What does it mean to believe?
This is not supposed to be some Deeply Wise prod to make someone write philosophical accounts of the mystical uniqueness of human consciousness or some such. It’s an actual question about the actual meaning of the actual word. Not that words have intrinsic meanings, of course, but what do we mean when we use this word?
And like many good words in the English language, it has a lot of meanings.
LessWrong has a lot of talk about this. Amongst the meanings of the verb “to believe” talked about in the linked Sequence are to anticipate an experience, to anticipate anticipating an experience, to cheer for a team, and to signal group membership. And of course, that’s not all. Some people in the atheist movement, for instance, use the word “belief” sometimes to refer to unjustified or faith-based models-of-the-world.
Now, there is a very interesting other word in philosophy and psychology: “alief.” To alieve something is to have a deep, instinctual, subconscious belief, and the word is used especially when this subconscious feeling is at odds with the conscious mind. The W uses a few examples to explain the concept, like the person who is standing on a transparent balcony and, in spite of believing themself safe, alieves the danger of falling.
This is a very interesting (and fairly obvious, after you grok the difference between your Systems 1 and 2) internal dichotomy. Ideally, we want our beliefs and aliefs to be identical, and whenever we change our beliefs we’d like to likewise change our aliefs. And I think much of what Yudkowsky means when he talks about making beliefs pay rent refers exactly to this concept, turning beliefs into aliefs. This would seem to be very useful for rationality in general – a large part of rationality techniques consists of a bunch of heuristics for turning conscious deliberations into intuitive judgements. And of course, it’s very hard to do.

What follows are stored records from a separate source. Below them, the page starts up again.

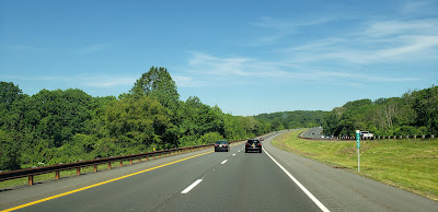 This telephone tower tries to disguise itself as a tree, but it clearly isn't! This is at the former Madison Hill Picnic Area just before Exit 135.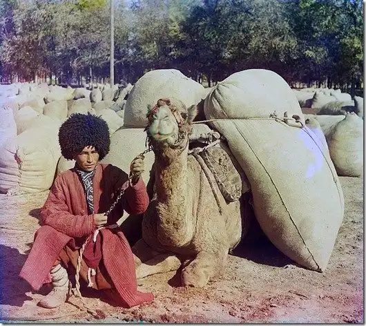 Человек и верблюд, нагруженный тюками. Между 1905 и 1915 годами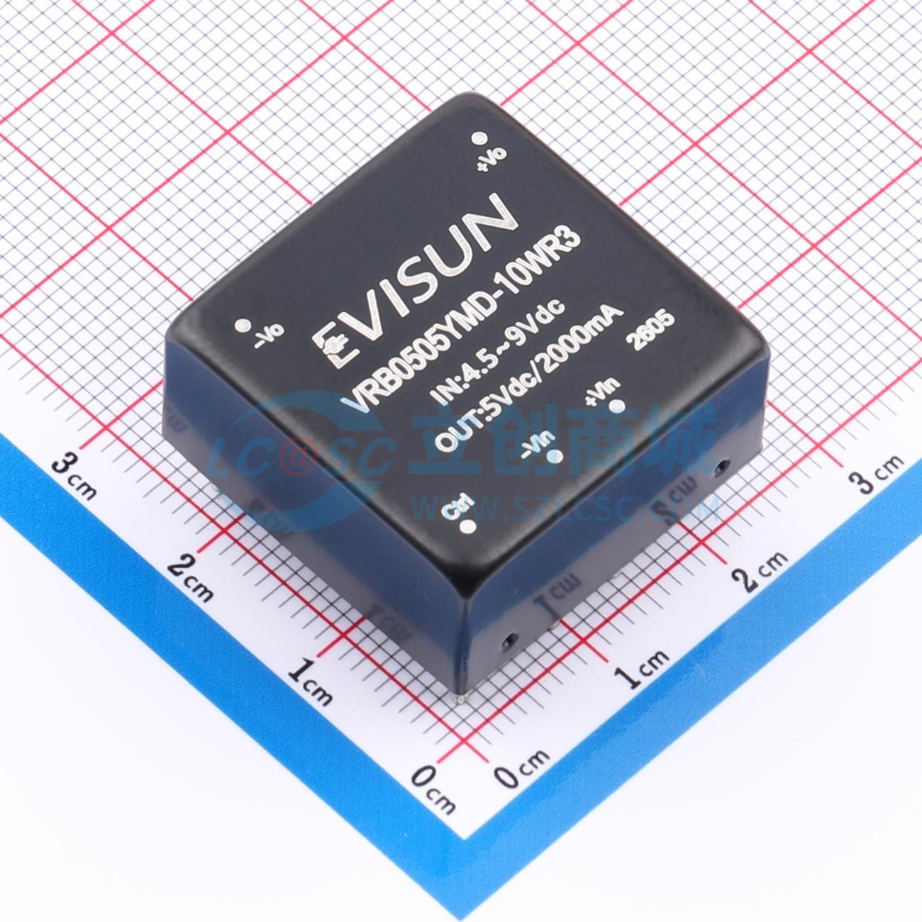 - 支持100%全国产;VRB0505YMD-10WR3型号是2:1宽电压输入,隔离稳压单路输出的DC/DC模块电源产品;输入电压5Vdc(4.5-9V),输出电压5Vdc,输出电流2000mA,输出功率10W;输出可持续短路保护,自恢复;高转换效率;低静态电流,低纹波系数和低噪音,超低功耗 ;输入输出隔离耐压1.5KVdc;尺寸:长25.40*高25.40*宽11.20mm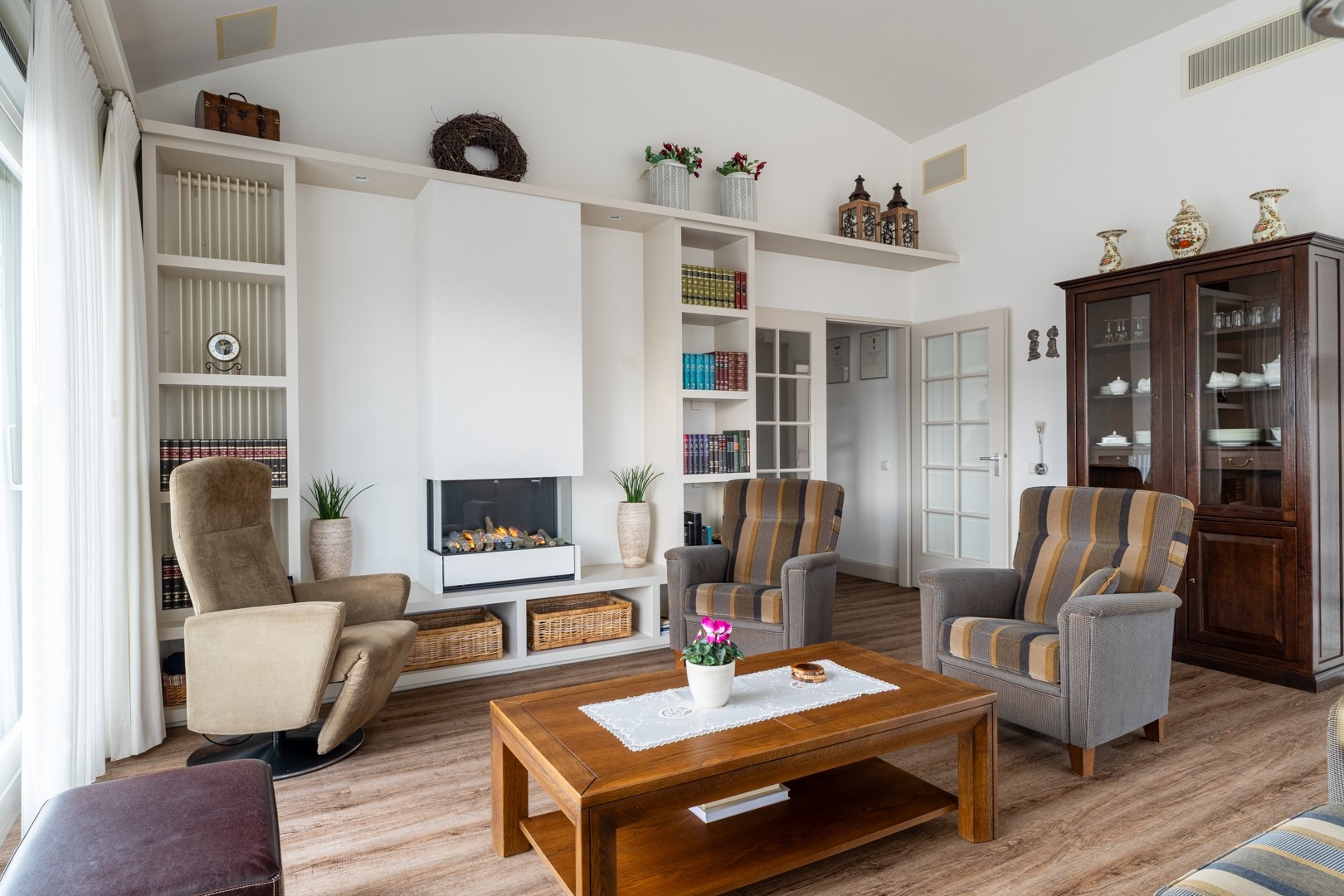 De entree van het appartement bereik je via het trappenhuis of comfortabel met de lift. In de ruime ontvangsthal valt direct de royale opzet op. Hier bevindt zich een praktische garderobenis en vanuit deze centrale ruimte heb je toegang tot de slaapkamers, het toilet, de badkamer en de woonkamer. Ook één van de dakterrassen is vanuit deze hal bereikbaar. De woonkamer is heerlijk licht en ruim. Dankzij de grote raampartijen en twee schuifpuien wordt het dakterras een natuurlijk verlengstuk van de living. De sfeervolle haard zorgt voor warmte en gezelligheid tijdens de koelere dagen. De grotendeels glazen deuren naar de hal geven de ruimte bovendien een elegante en open uitstraling.

Pascal’s Wager (the one that says that, on the off-chance that god does in fact exist and will punish you for not believing, you should believe in it) has lots of flaws in it, but I think this is a particularly severe one. Sure, maybe the human brain is absolutely and completely insane in how it translates beliefs into aliefs and vice-versa, but it seems to me that, most of the time, you can’t just, by an effort of will, force it to turn a belief into an alief. And Pascal himself admitted this, and said that what the rational person should do is act and behave as if they believed until they actually did. And I’m sure that would work with some people, eventually, in the sense that they’d believe they believe, they’d profess and cheer and wear their belief.
But I’ll be damned if any amount of praying will actually convince me, on the brink of death, that I’m about to meet the Creator.
Or some such, depending on which religion you’re talking about.
And one would think maybe a just god would reward honesty more than barefaced self-manipulation.
Whichever the case, you can’t just choose to anticipate experiences: either you do, or you don’t, for good or for ill. And the brain isn’t completely stupid, if it didn’t move somewhat according to evidence it would’ve been selected out of the gene pool a long time ago, but it’s not terribly efficient or smart about it, and its belief → alief translation procedure can be overriden by a lot of other modules, or twisted and hacked into unrecognisability. But it seems that, in general, a lot of rationality heuristics boil down to: okay, this is the normatively correct way to think – how do I internalise it?
I don’t know. It appears to take lots of practice or some such, and different kinds of belief require different kinds of alief-generating, and some people seem to be naturally better than others at this “taking ideas seriously” skill. But we all know that the whole of rationality isn’t limited to what Less Wrong has to offer, and as further research is done, well, I’d be eager to learn how to more efficiently internalise my beliefs.